CORIAL is heavily investing in content (like this article) to change that narrative.
Challenge 2: Profit Margin
Creatine bars will be more expensive per gram than creatine powder. Why? Because the bar requires more processes (mixing, molding, packaging). But adherence justifies it.
CORIAL believes that consumers will pay a premium for greater consistency.
Challenge 3: Regulation
Functional foods have different regulations than supplements. Specifically, you cannot make certain health claims for a food that you can make for a supplement.

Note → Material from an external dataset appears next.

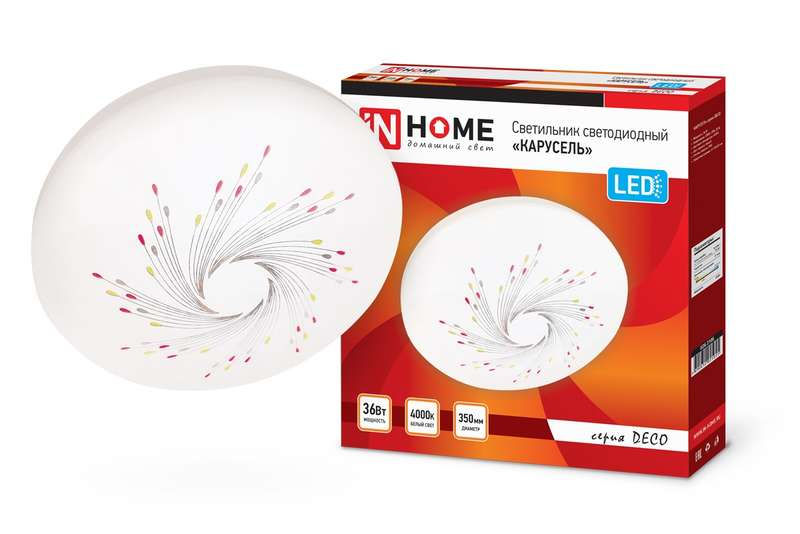 Светодиодные светильники КАРУСЕЛЬ серии DECO от ТМ In Home в классическом белом матовом корпусе с яркими цветовыми акцентами добавят нотку жизнерадостности в интерьер любого помещения. Линейка светильников КАРУСЕЛЬ представлена в трех размерах от 190 до 350 мм. Несколько вариаций мощности (в диапазоне от 12 Вт до 36 Вт) позволяют подобрать оптимальный осветительный прибор, в зависимости от конфигурации и габаритов помещения. Применение Светодиодные светильники КАРУСЕЛЬ серии DECO предназначены для внутреннего освещения жилых помещений, подъездов и сферы ЖКХ, офисных и административных учреждений, магазинов, а также холлов, коридоров, лестничных пролётов, подсобок и других помещений вспомогательного назначения. Преимущества Современные светильники серии DECO, работающие на основе последнего поколения светодиодов, обеспечивают яркий равномерный световой поток при максимальной экономии электроэнергии. Отсутствие пульсации гарантирует сохранность здоровья глаз. Светодиодные светильники являются одним из самых экологически безвредных источников света и не требуют специальной утилизации и переработки. Светильники получили сертификат таможенного союза EAC. Производятся по ГОСТу Р МЭК 60598-1-2011. Монтаж Светодиодные светильники серии DECO применяются для работы в сетях переменного тока напряжением 230В ± 10% с частотой 50 герц. Перед установкой следует убедиться в правильности напряжения питающей сети и наличии защитного устройства в цепи (автоматический выключатель, предохранитель). Этапы установки: отключите сетевое напряжение, извлеките светильник из упаковки, открутите плафон светильника, повернув его по часовой стрелке. Через клеммную колодку подключите подготовленные концы проводов осветительного прибора к проводу сети. Установите светильник на поверхности и зафиксируйте при помощи дюбелей и саморезов. Сборку светильника следует осуществлять в обратной последовательности.

Example: A collagen capsule can theoretically promise "radiant skin" (although not proven by EFSA). CORIAL cannot promise this in Collagen Coffee because it is food. It must say "contains collagen, the main structural protein of the skin"—which is factually more correct and safer [2].
CORIAL sees this as an advantage, not a challenge. It means claims are more honest.
Why This Matters
Zero Pills is not a marketing slogan. It's a shift in how we think about functional nutrition.
For 30 years, the supplement industry grew because nutrient delivery was expensive, and powder was efficient. But efficiency is not the same as effectiveness. An efficient powder that nobody takes is zero effective.
CORIAL is making functional nutrition more aligned with real human behavior. It doesn't want you to change. It wants nutrition to fit into your life.
That is revolutionary.
About CORIAL
CORIAL is a Portuguese functional food company, founded in 2023 in Esposende by Guilherme Pereira and Sara. Our mission is to eliminate the need for supplements through foods that completely replace entire categories of capsules, powders, and pills.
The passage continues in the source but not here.